2. **Build action chunks**: For each episode (up to `max_episodes`), action chunks are built with the same logic as `lerobot-train-tokenizer`: sliding window of length `action_horizon`, optional delta transform, and per-episode sampling with `sample_fraction`.
3. **Extract and normalize**: Only `encoded_dims` are kept. Normalization is applied using the dataset’s action stats when available, according to `normalization_mode`.
4. **Encode / decode**: A random sample of chunks (size `max_chunks_for_reconstruction`) is encoded and then decoded with the tokenizer. Encode and decode times are recorded per chunk.
5. **Compute metrics**: Reconstruction metrics are computed between original and decoded chunks; compression and timing stats are aggregated.
6. **Save results**: A JSON file is written to `output_dir` with name `{timestamp}_{repo_id}_action_tokenizer_results.json`, containing the full config and all metrics.

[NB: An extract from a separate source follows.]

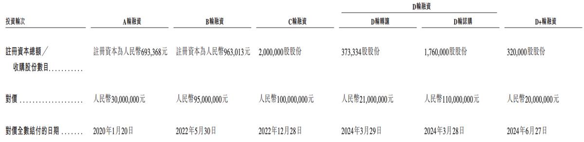就2024年3月的D轮融资而言,涵盖了1.1亿元的D轮认购,以及2100万元的D轮转让。其中,廖峪分别向高贺健、赵丹丹、吴爽转让32万股、35556股、17778股股份,每股成本为56.3元,合计约2100万元。
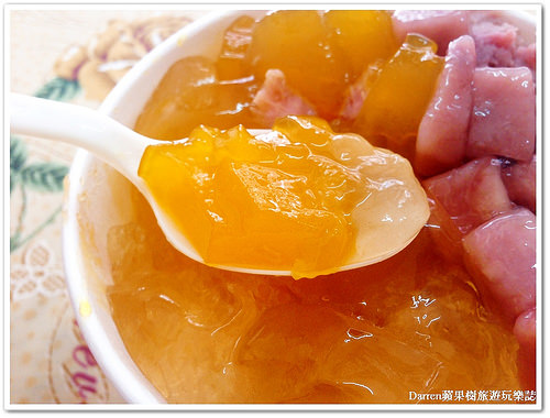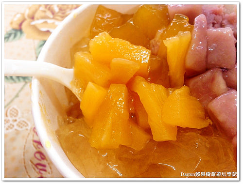 原本只有任選四樣配料,老闆娘太熱情跟我說這鳳梨煮很久,所以加了一些給我試試

The pipeline (chunking, dimensions, normalization, delta) must match how the tokenizer was trained; otherwise reconstruction error can be large or the tokenizer may raise.

## Caveats

- The tokenizer’s **action_horizon** and **action_dim** (and optionally DCT settings) are fixed at training time. The benchmark infers dimensions from the dataset and encoded dims; the tokenizer path must correspond to a model trained with the same horizon and encoded dimensions.
- Reconstruction is evaluated in **normalized space** (the same space the tokenizer sees). For interpretation in raw action space, you would need to invert normalization outside this script.
- Only one tokenizer and one dataset are evaluated per run. To compare tokenizers or datasets, run the script multiple times and compare the saved JSON files.

## Example

Quick run with a local tokenizer and a small number of episodes:

```bash
python benchmarks/tokens/run_action_tokenizer_benchmark.py \
    --action-tokenizer-path=outputs/wavetoken \
    --repo-id=lerobot/pusht \
    --action-horizon=10 \
    --max-episodes=50 \
    --output-dir=outputs/action_tokenizer_benchmark
```

With delta transform and custom encoded dimensions:

```bash
python benchmarks/tokens/run_action_tokenizer_benchmark.py \
    --action-tokenizer-path=outputs/wavetoken \
    --repo-id=lerobot/pusht \
    --action-horizon=10 \
    --encoded-dims=0:6,7:14 \
    --delta-dims=0,1,2,3,4,5 \
    --use-delta-transform \
    --normalization-mode=QUANTILES \
    --max-chunks-for-reconstruction=500 \
    --output-dir=outputs/action_tokenizer_benchmark
```

Results are written to e.g. `outputs/action_tokenizer_benchmark/2026-02-12_14-30-00_lerobot_pusht_action_tokenizer_results.json`.

## Results

Results are stored as JSON in the directory given by `--output-dir` (default: `outputs/action_tokenizer_benchmark`). Each file contains:

- **config**: All script arguments (tokenizer path, repo_id, action_horizon, encoded_dims, normalization_mode, etc.) for reproducibility.
- **metrics**: All reconstruction, compression, and timing metrics described above.

To compare runs, load and diff or aggregate these JSON files with your own scripts or notebooks.